The data below contains pictures, which are to be skipped; the lines starting at the line with "3D rendering of" and ending at the line with "There is a little-known" are to be output exactly, both ends included.
START MATERIAL FOR THIS TASK
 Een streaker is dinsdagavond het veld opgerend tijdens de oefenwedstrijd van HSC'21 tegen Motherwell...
END MATERIAL FOR THIS TASK
START MATERIAL FOR THIS TASK
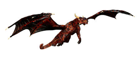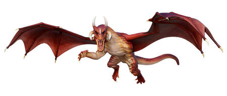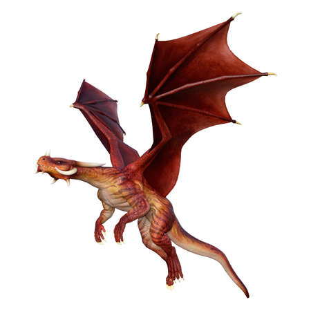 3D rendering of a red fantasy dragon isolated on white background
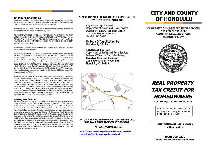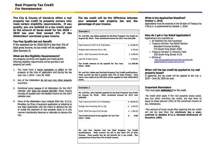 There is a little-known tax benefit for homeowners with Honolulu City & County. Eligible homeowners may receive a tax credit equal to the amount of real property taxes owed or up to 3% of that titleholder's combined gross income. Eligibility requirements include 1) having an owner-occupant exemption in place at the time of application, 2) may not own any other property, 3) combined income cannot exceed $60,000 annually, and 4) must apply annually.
END MATERIAL FOR THIS TASK
START MATERIAL FOR THIS TASK
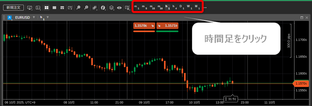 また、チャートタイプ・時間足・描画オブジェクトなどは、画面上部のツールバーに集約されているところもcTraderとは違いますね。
END MATERIAL FOR THIS TASK
• _OUTPUT FOR THIS TASK_
 3D rendering of a red fantasy dragon isolated on white background
 There is a little-known tax benefit for homeowners with Honolulu City & County. Eligible homeowners may receive a tax credit equal to the amount of real property taxes owed or up to 3% of that titleholder's combined gross income. Eligibility requirements include 1) having an owner-occupant exemption in place at the time of application, 2) may not own any other property, 3) combined income cannot exceed $60,000 annually, and 4) must apply annually.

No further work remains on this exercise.